2.2. Treatment System Operation
2.2.1. Graywater MABR-RO System with Recycling Tank
The graywater MABR effluent was pumped through the RO system at a constant RO module inlet pressure of 45 psi with a flow rate ranging from 6 to 1.8 L/h. The RO permeate was collected in a separate conical tank, while the brine from the RO module was recycled back to the feeding tank. The system was operated until 90% of the influent was collected in the RO permeate tank. The remaining 10% (brine) was transferred to the distillation system, and after each batch of MABR effluent was processed, the RO system was flushed with 10 L of permeate. This flush water was reprocessed in the next RO run. The system processed either one or two days of MABR effluent per batch. The RO module pressure, permeation rate, and recycle rate were monitored and recorded manually and periodically for each batch (Figure 2A and Figure 5).
2.2.2. Graywater MABR-RO system with Membrane Filtration Module (MFM)

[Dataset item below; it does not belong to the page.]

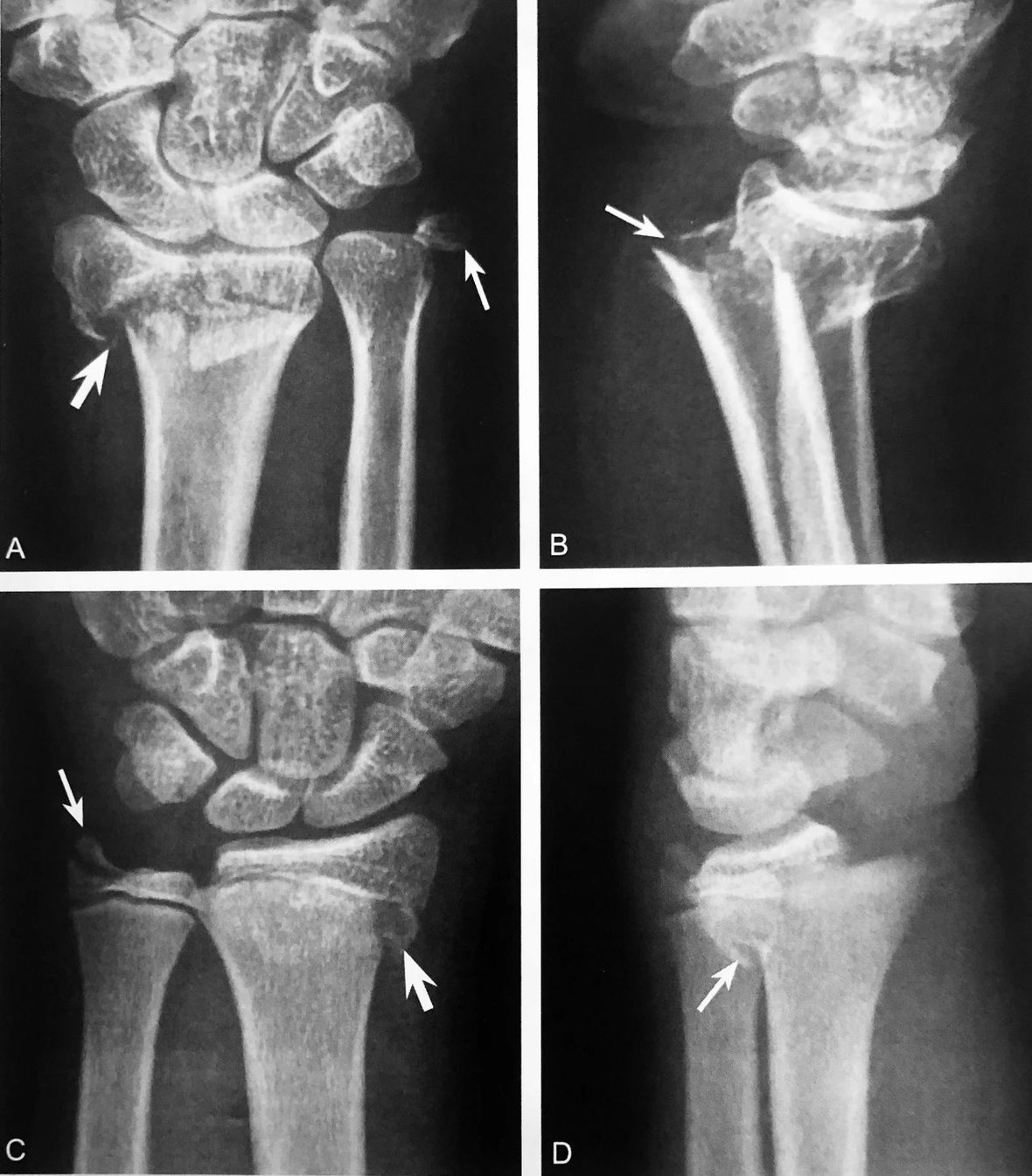 A~B.左腕关节ⅹ线正位及侧位。左桡骨远端骨折(粗箭头),尺骨茎突撕脱性骨折(细箭头),桡骨远端骨折背侧骨质嵌顿向掌侧成角(细箭头);C~D.右腕关节 ⅹ 线正位及侧位。桡骨远侧干骺端骨折伴骨骺向外侧移位(粗箭头),尺骨茎突部分撕脱(细箭头),桡骨远端骨骺向背侧移位,干骺端背缘碎骨片与骨骺相连(细箭头)

Figure 6 shows the ZeeWeed ultrafiltration hollow fiber membrane configuration. The ZeeWeed hollow fiber membranes form a physical barrier to solids, bacteria, and viruses. As wastewater flows through the pores and into the membrane fibers, the solids, bacteria, and viruses are blocked, letting only the treated wastewater pass through to the system. After finishing the evaluation of configuration A, the ZeeWeed membrane filtration modules (MFMs) were installed in the graywater MABR effluent zone. A peristaltic pump was connected to the MFM’s effluent side to suck the MABR effluent through a hollow fiber membrane at a desired flux (57.6 L/m2.day). The graywater MABR was fed in the same way as mentioned above daily, and effluent was discharged through the MFM system at a desired volume (41.5 L/day). The permeate was collected continuously in a clean tank, and 100 mL of permeate was back-flushed every hour for one minute. The MFM modules were also connected to an air pump, which was continuously operated to provide coarse bubble scouring of the outside surface of the membranes. The collected permeate (41.5 L) was processed through the RO system once per day, as described above, at a flow rate ranging from 6.6 to 2.23 L/h. Only the DOW membrane was tested for this experiment.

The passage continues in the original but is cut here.